Thou's angriest record is also their most melodic, Umbilical is the rare sludge album that gets more devastating the closer you listen.

Released 31 May 2024
Reviewed 1 July 2024
Listen on Bandcamp ↗

Thou from Baton Rouge have been releasing music at a pace that borders on absurd, full albums, EPs, splits, collaborative records, since 2005, and the volume has never come at the cost of quality. Umbilical is their eighth studio album and possibly their most focused: an explicitly feminist, furiously political sludge record that opens with “Narcissist’s Prayer” and closes with a track called “Emotional Terrorist,” and means every word of both.

The album’s central argument is personal and structural at the same time. Vocalist Bryan Funck howls at institutions and at the intimate violence they produce, at the psychology that enables cruelty and at the individuals who embody it. “House of Ideas” dissects intellectual self-satisfaction with a precision that’s rare in metal, the lyrics anatomizing a particular kind of person rather than making general claims. “I Feel Nothing When You Cry” is the most direct track on the record, blunt, specific, angry in a way that sounds like exhaustion rather than heat.
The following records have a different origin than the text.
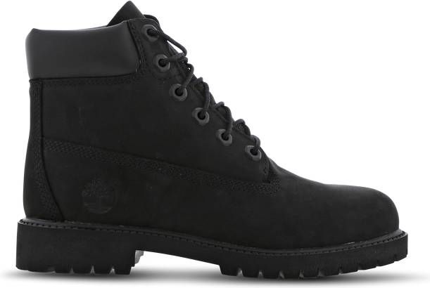 Timberland Shoes 6in Prem, schoenen met vetersluiting voor jongens in de kleur zwart. Deze stoere schoenen uit de Timberland Shoes all season collectie, zijn gemaakt van leer en leuk voor onder een spijkerbroek. Op de zijkant een gestanste print met het logo van Timberland en de schoenen hebben dubbele gestikte naden. De binnenkant is gevoerd met polyester en de rubberen non marking zool heeft een antislip laag.De schoenen hebben uitneembare OrthoLite inlegzooltjes, deze bieden een ademend vermogen, vochtafvoer en hebben een anti-microbiële werking.Deze schoenen vallen wat wijd, kies een maat kleiner voor smalle voeten.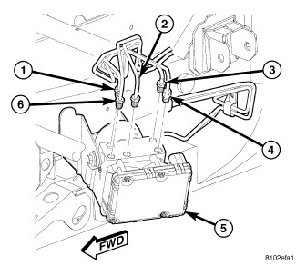 4. Install three chassis brake tubes (2, 4, 6) into the outlet ports in ICU (5). Tighten three brake tube nuts to 17 Nm (145 in. lbs.).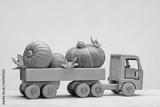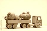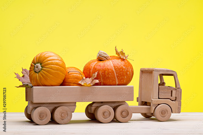 Orange pumpkins and dry maple leaves in wooden toy truck. Wooden background, yellow background, studio shot. Happy Halloween.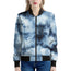 Blue And Black Acid Wash Tie Dye Print Women's Bomber Jacket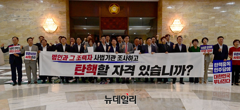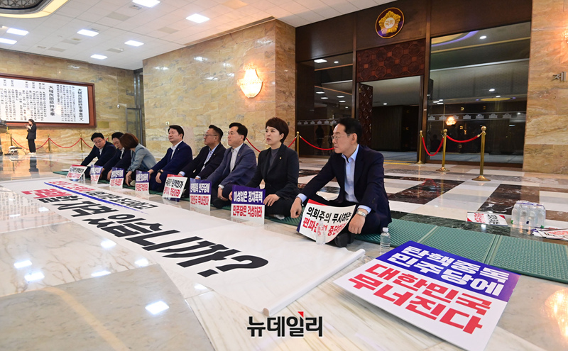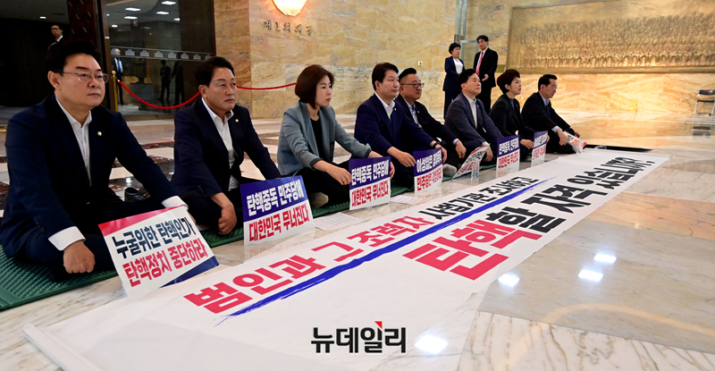 국민의힘 의원들이 4일 오전 '채상병특검법안' 무제한토론(필리버스터)이 진행되고 있는 국회 본회의장 앞 로텐더홀에서 더불어민주당의 탄핵 난발을 규탄하는 릴레이 농성을 하고 있다.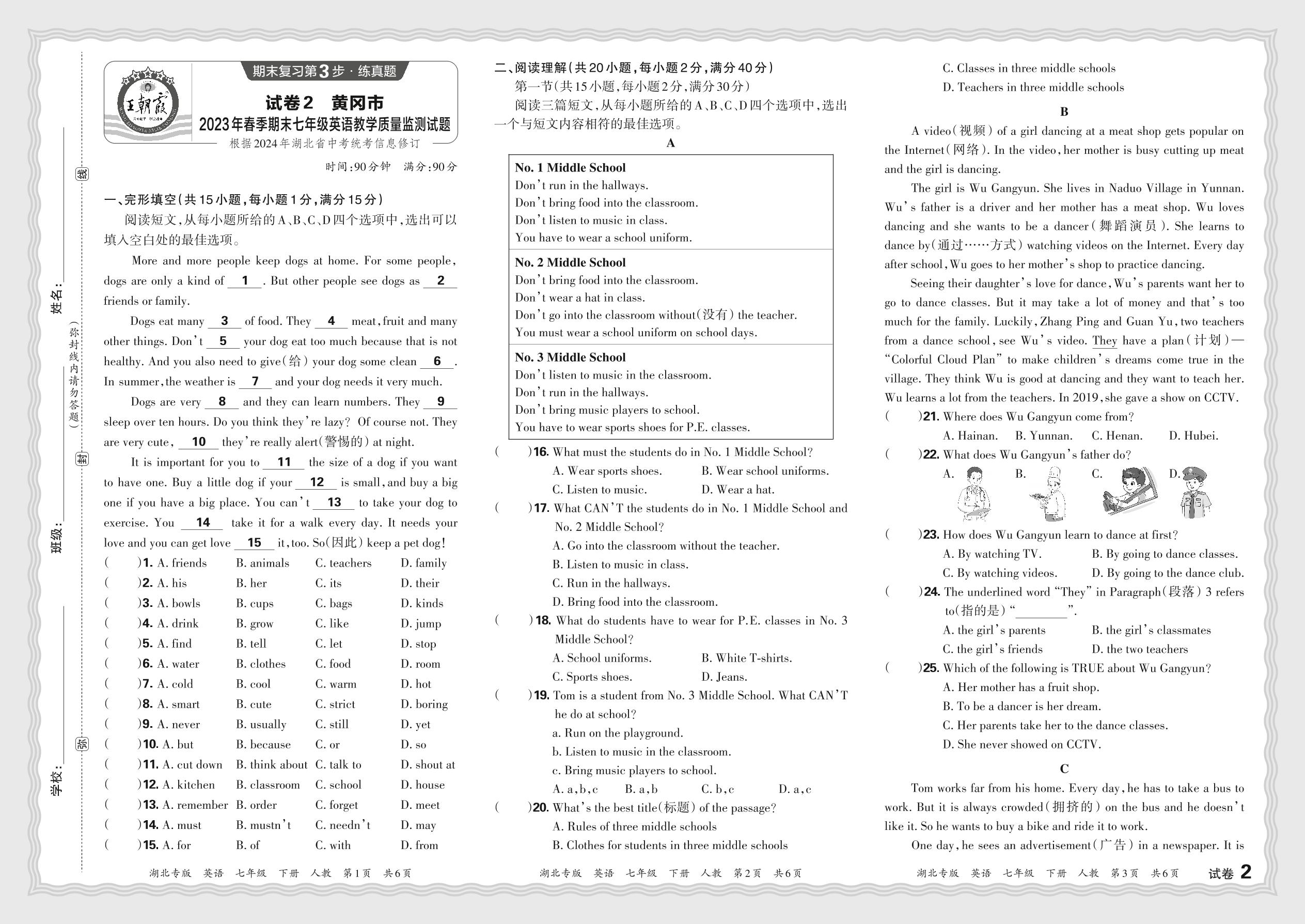 湖北省黄冈市2023年春季期末七年级英语教学质量监测试题(人教版)【2】

What makes Umbilical different from most political metal is that it doesn’t lose itself in abstraction. The targets are specific, the critique is grounded, and the music matches, not background noise for a manifesto but a genuine expression of the fury behind the words. The guitar work (Mathew Thudium and Andy Gibbs share the duties) layers sludge riffs with melodic lines that surface and recede, giving the album an emotional complexity that the lyrics demand.

The production is warm and full for a sludge record, not the stripped-back abrasion of their earlier work, but a denser, more layered sound that lets the melodic elements in the guitar work come forward. Funck’s vocals are right at the front, which is the right call: this is an album where the words matter, and the mix makes sure you hear them. Rhythm section is locked and heavy throughout, but never purely rhythmic, it responds to the songs’ emotional content rather than just holding time underneath them.

Standout tracks: House of Ideas, Narcissist’s Prayer, I Feel Nothing When You Cry

Umbilical is Thou at their most essential: furious, melodic, precisely targeted, and built to last. The kind of record you come back to not because it makes you feel good but because it makes you feel accurately.